Eu agradeceria o papo e voltaria para casa pensando em como acreditava naquelas baboseiras. Provavelmente ele não tirou da própria cabeça, apenas reproduziu o que alguns escritores também devem pensar a respeito desse universo de pensamentos aprisionado nas palavras. E não tenho problemas com isso, afinal, ele com certeza deve ter se identificado tanto com alguma citação que acabou incorporando como parte de si próprio. E muitos livros acabam fazendo isso. Por isso, acho que livros são, sim, como pessoas. Claro que exigem certo cuidado, mas todo exagero é prejudicial. Fico pensando se aquele livro impecável da biblioteca tinha sido lido tantas vezes e com tanta intensidade quanto um outro que quase desisti de levar por conta do excesso de tinta colocado nas marcações à caneta, algumas que se perdiam junto com as páginas amareladas e os pedaços que faltavam. Uma criança, quando é superprotegida, às vezes se esquece do mundo que a espera lá fora. Acho que os livros também são assim. Cuidado demais acaba tirando todo o interesse das palavras.

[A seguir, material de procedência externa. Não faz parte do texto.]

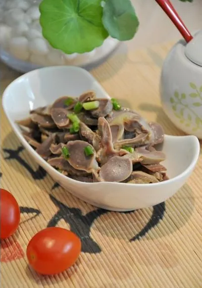 烧油,放干辣椒段炸香脆,趁热把所有的鸡胗片,葱丝和辣椒丝,蒜末香菜神马的都扔里爆一下味道。加点少许调味的酱油醋白糖就可以吃了!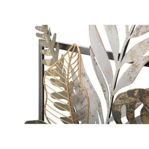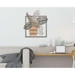 Pannello decorativo 3D da parete in metallo raffigurante un vaso con foglie racchiuso in una cornice quadrata.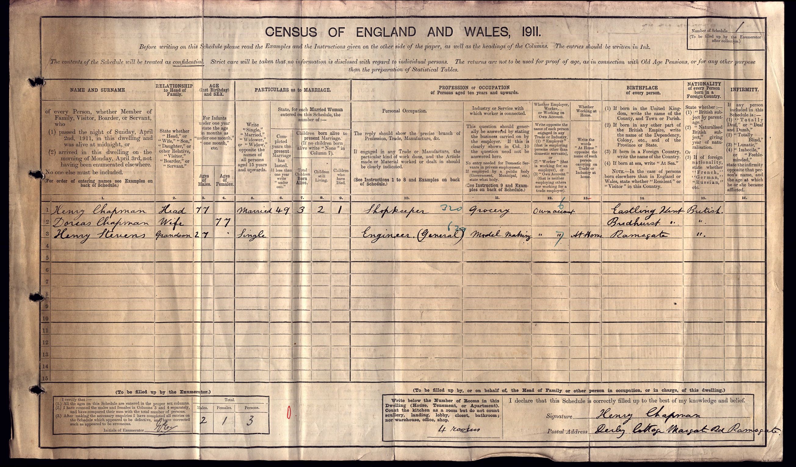 • Lived at: Derly Cottage, margate Street, 1911, Ramsgate, Kent, England. Dorcas married Henry Chapman Mar Q 1862 in Hollingbourne, Kent, England. (Henry Chapman was born circa 1832 and died after 1911.) |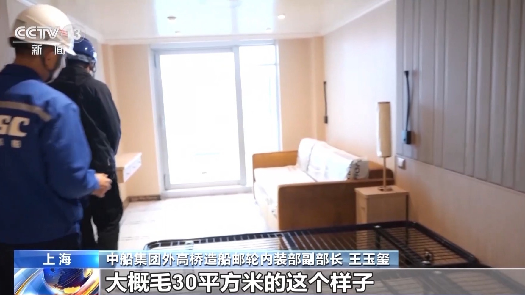 中船集团外高桥造船邮轮内装部副部长 王玉玺:这是比较大的一个套房,大概毛30平方米,而且还自带一个小露台,未来会有小躺椅等。

Algum momento depois, na entrada da livraria, passei algum tempo encarando uma capa chamativa com desenhos impecáveis ilustrando o livro. Acima dele, diversos letreiros que diziam: “o mais vendido dos últimos anos”, “best-seller internacional”, “você não pode perder”. A propaganda é a alma do negócio e a perdição das carteiras desprevenidas. Voltei para casa com uma capa bonita e um livro vazio, me lembrando dos momentos em que acreditei que a aparência era tudo na vida. Um bom penteado, um rosto agradável e uma beleza estonteante são capazes de comprar qualquer um, até o momento em que não se consegue segurar mais do que dois minutos de conversa. É fácil se livrar dos livros assim como é fácil se livrar das pessoas. Uma desculpa qualquer e você vende aquela capa maravilhosa para um sebo por 1/4 do preço que pagou, enquanto eles se aproveitam da beleza e revendem por 3/4, a mesma fração de páginas que você consegue ler depois de descobrir que o livro é horrível, isso com a paciência divina necessária para passar da metade.

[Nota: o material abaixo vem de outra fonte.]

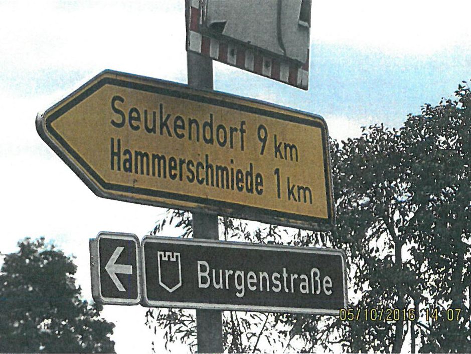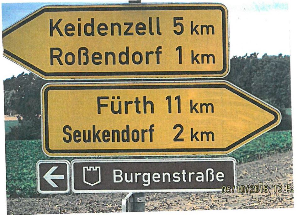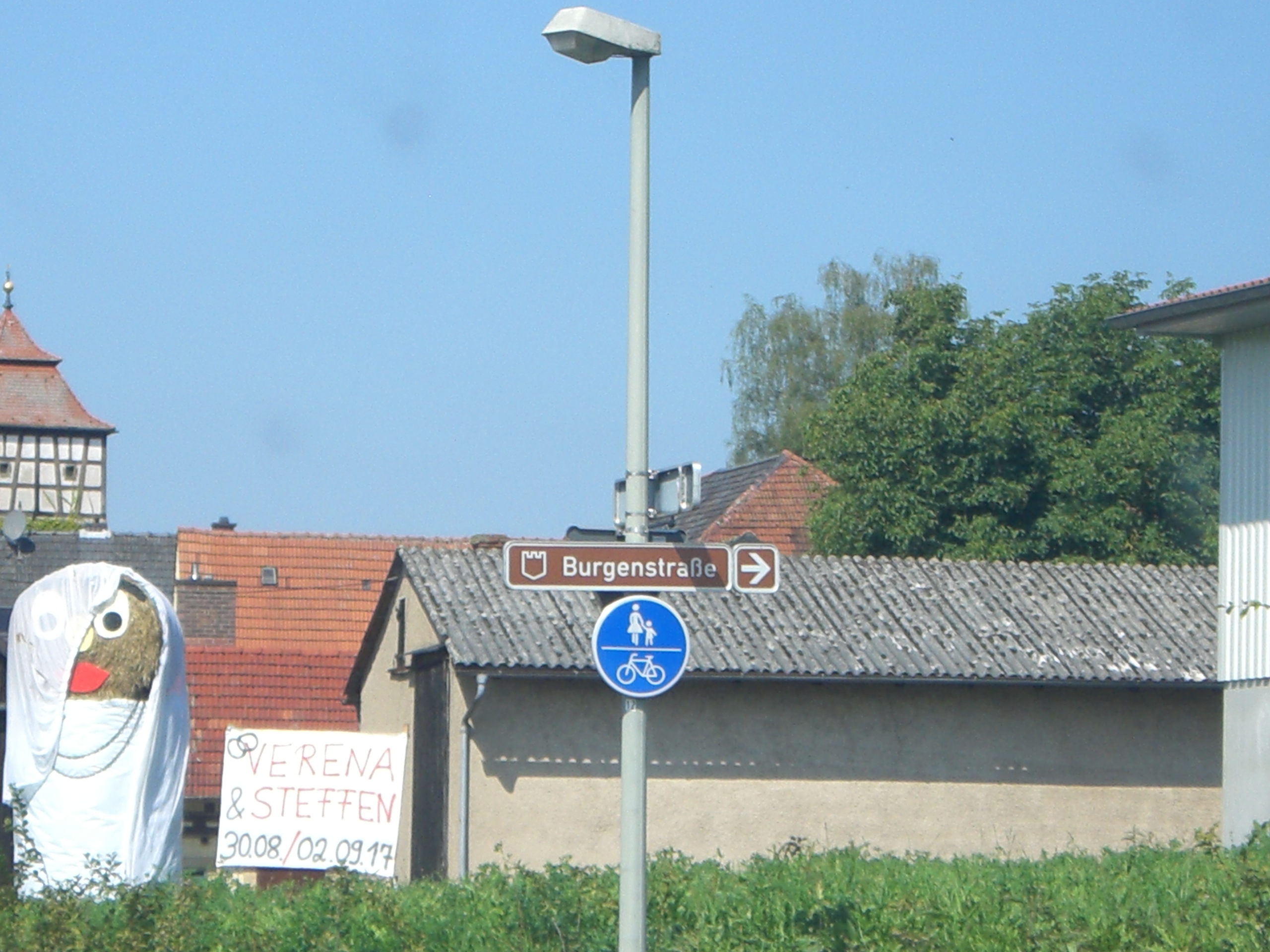 Standort: in Burggrub St 2188, vor Brücke, an Wegweiser links Richtung Bamberg weisend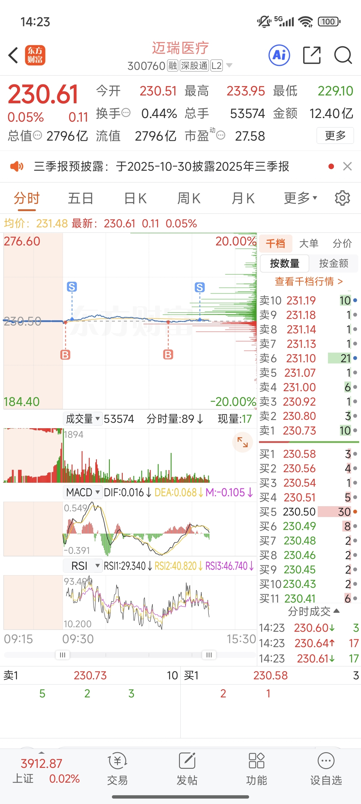 $迈瑞医疗(SZ300760)$ 230以下再来手,每次赚120块就行,手续费20,今天的夜宵有了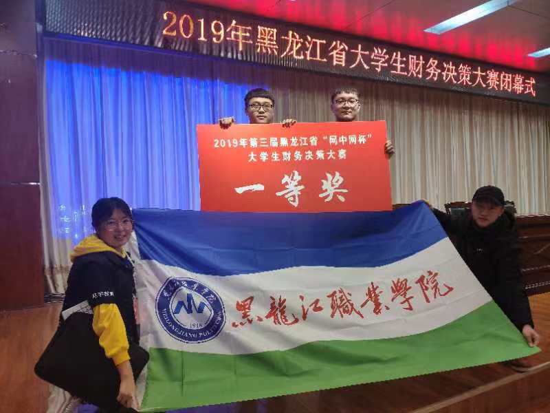 10月12日,在黑龙江省“网中网杯”大学生财务决策(高职组)大赛中,我院17级会计专业学生张索兵、李化雪、史佳楠、鞠国鹏组成的williamhill官方网站代表队荣获一等奖。教学院长张振和与王璐老师负责带队,杨继杰、王欢任指导教师。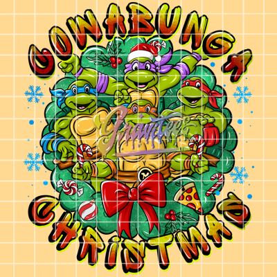 Cowabunga Christmas Png, Turtle Clipart, Trendy Christmas Clipart, Ninja Clipart for DTF or Shirt Printing, PNG Only!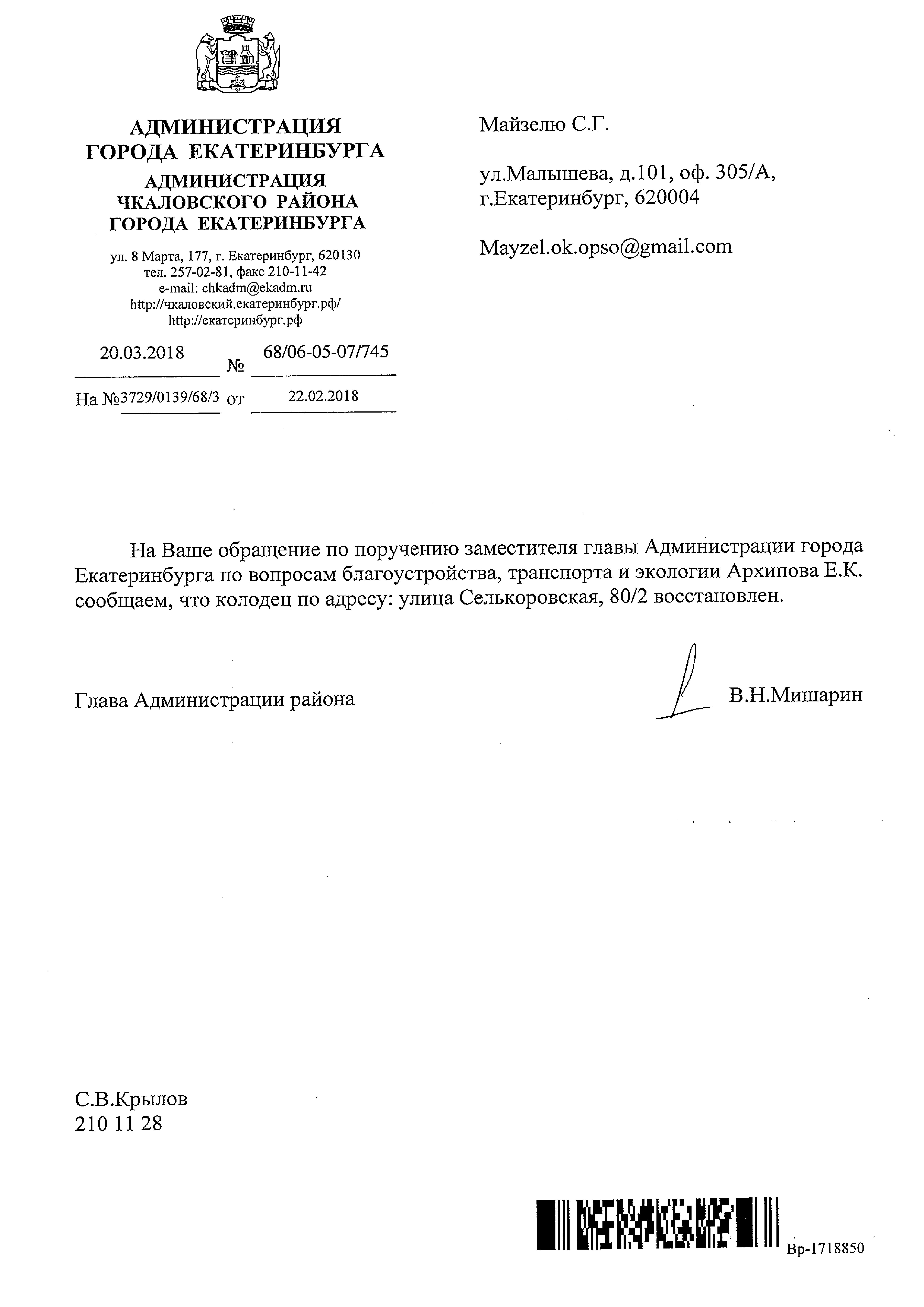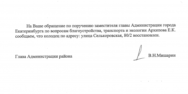 Номер жалобы:30651 Тип жалобы:Прочее Название объекта:Администрация Екатеринбурга Регион:Свердловская область Город:Екатеринбург Адрес:Селькоровская ул., 80/2 Описание жалобы:Открыт колодец. Статус: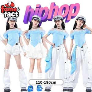 女の子用 水色トップス K-POP風 Y2K 舞台衣装 子供用パフォーマンスウェア オフショルディングデザイン 白スカート ショートパンツ カーゴパンツ 可愛らしいス

Livros são como pessoas. Seja com cuidado ou deixados ao mundo, eles podem te oferecer abrigo, conforto, imaginação, assuntos para conversas, fuga e ilusões. Mesmo que tudo pareça maravilhoso durante o momento em que estamos juntos, sempre existe a hora de fechar as páginas, guardar na estante e voltar-se para a realidade, quando lembramos que nem tudo é o que parece ser. Nem a carne, nem a brochura.